The kosher wine consumer knows that when shopping for wine, in addition to checking the bottle for a reliable hashgacha, they must also check to see if the wine is labeled mevushal or non-mevushal. Mevushal wine may be handled, and even poured by a non-Jew or a non-shomer Shabbos Jew; however non-mevushal wine, once opened, must be closely guarded, since it can become forbidden if left unattended.
Aside from mevushal and non-mevushal there is also a third designation, which although more prevalent in Israel, can be found in the U.S. as well, and this is the designation “mifustar”. Mifustar is the Hebrew word for pasteurized. For example, the Kalil wines (OU) sold in the U.S. are labeled mifustar. The reason for this new description is because some poskim have questioned whether pasteurized wine qualifies as mevushal. To accommodate the consumers who want to be strict and not rely on pasteurization, the bottles are marked mifustar. Those who do not rely on pasteurization should treat these bottles as they would any non-mevushal wine.
There are three main arguments put forward as to why pasteurization should not qualify as mevushal.
Rav Elyashiv zt”l (Journal Even Yisroel 5751) argues, based on the Rosh (A.Z. perek 2), that cooked wine was only permitted, because in former times it was uncommon to cook wine. However today, pasteurization of wine is so commonplace, as to be considered the norm, so we can no longer consider this process an uncommon occurrence (milsa d’lo shechi’ach).
Rav Shlomo Zalman Auerbach zt”l (Minchos Shlomo I:25) ruled that pasteurized wine cannot be considered mevushal, unless the cooking causes a noticeable change in the taste, color or aroma of the wine. The process commonly employed today, known as flash pasteurization, is performed in a manner that very quickly heats and then cools the wine, such that even experts debate whether it causes any appreciable effect on the characteristics of the wine. As such it should not qualify as mevushal.
Rav Ben Tzion Abba Shaul zt”l (Ohr L’tzion II:20;19) argues that for wine to be considered mevushal, it must become lessened through the cooking. Because today’s method of pasteurization is performed inside pipes that are part of a sealed system, the wine is in no way lessened through the cooking.

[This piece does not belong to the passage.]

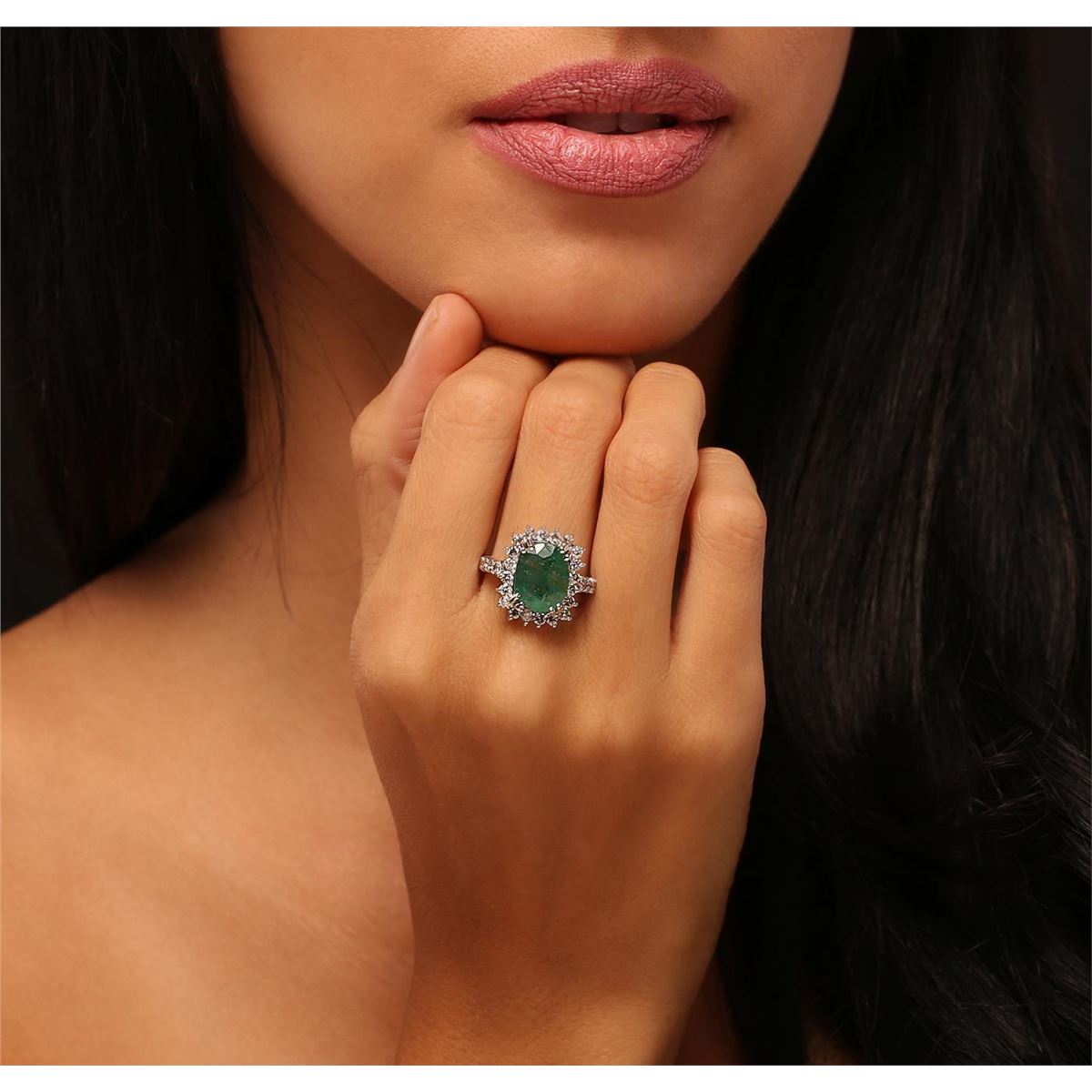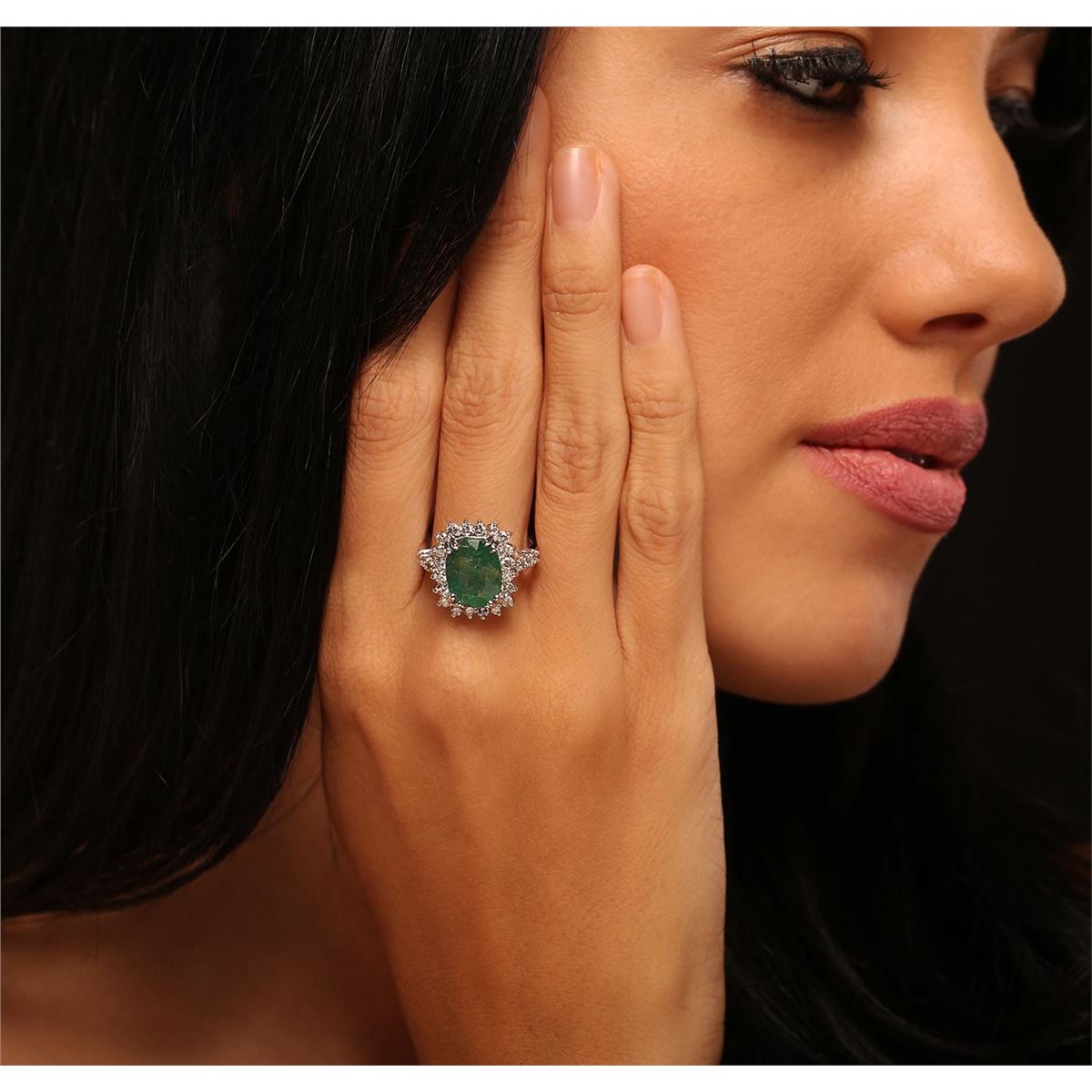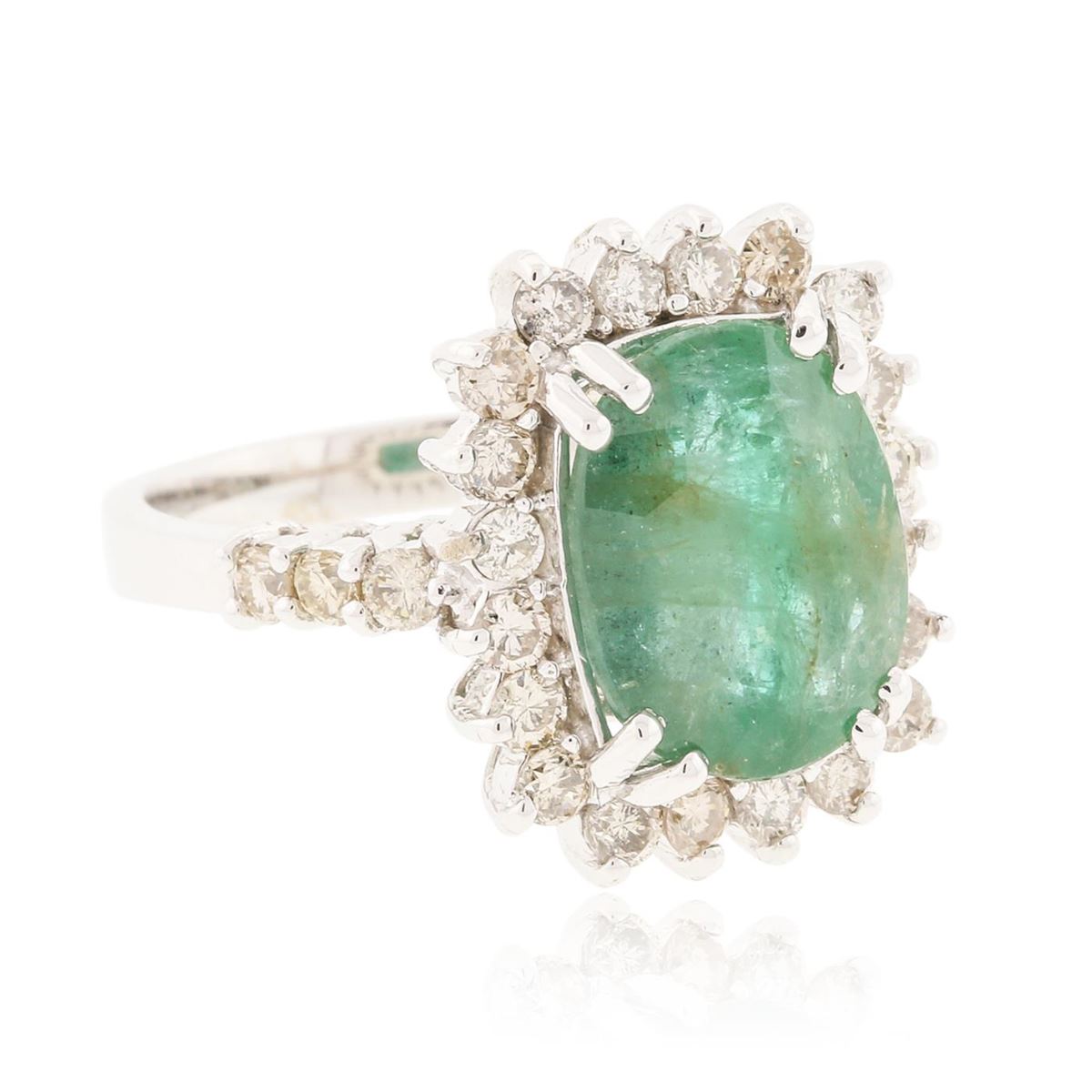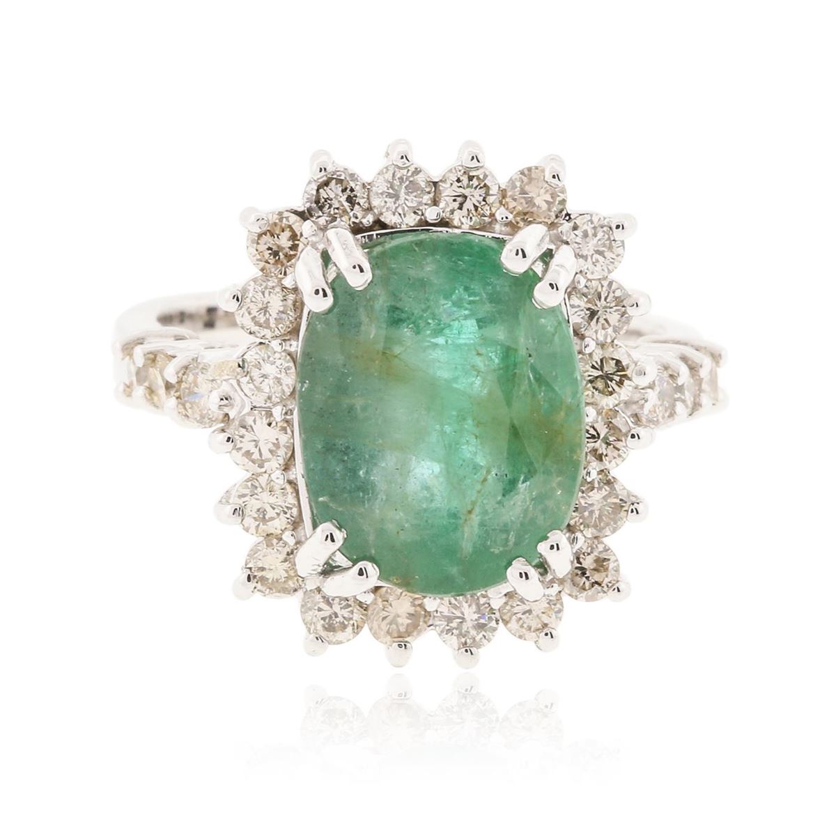 One electronically tested 14KT white gold Ladies combination cast & assembled ring with a bright polish finish. Identified with markings of "K14". Condition is new. Containing: One prong set oval modified mixed cut natural emerald, measuring 12.00 x 9.50 x 6.30mm, approximate weight of 3.96ct., clarity is heavily included, type III, medium, very slightly grayish, green color, (GIA G 5/3), cut is good. Colored gemstones are presumed to have been subjected to commonly used color/clarity enhancement processes. Twenty-Six prong set round brilliant cut diamonds, measuring 2.00 - 2.00 x 1.20mm (depth est.) approximate. Total Weight of 26 Stones = 0.76ct. Clarity: I-1 to I-2. Color: I - J, Cut is Good. Total Weight of Colored Stones 3.96ct. Total Weight of Diamonds 0.76ct. Total Weight of Ring 9.40 grams. GGL Appraised at $10,770.00.

However, the prevalent minhag, as articulated in Yebia Omer (Y.D. VIII:15) is that pasteurized wine qualifies as mevushal [Rav Moshe Feinstein z”l required pasteurization to a temperature exceeding 175˚ F and the Tzelemer Rav z”l insisted on a minimum 190˚ F]. On this basis OU permits wines that undergo flash pasteurization to be labeled either as mevushal or mifustar.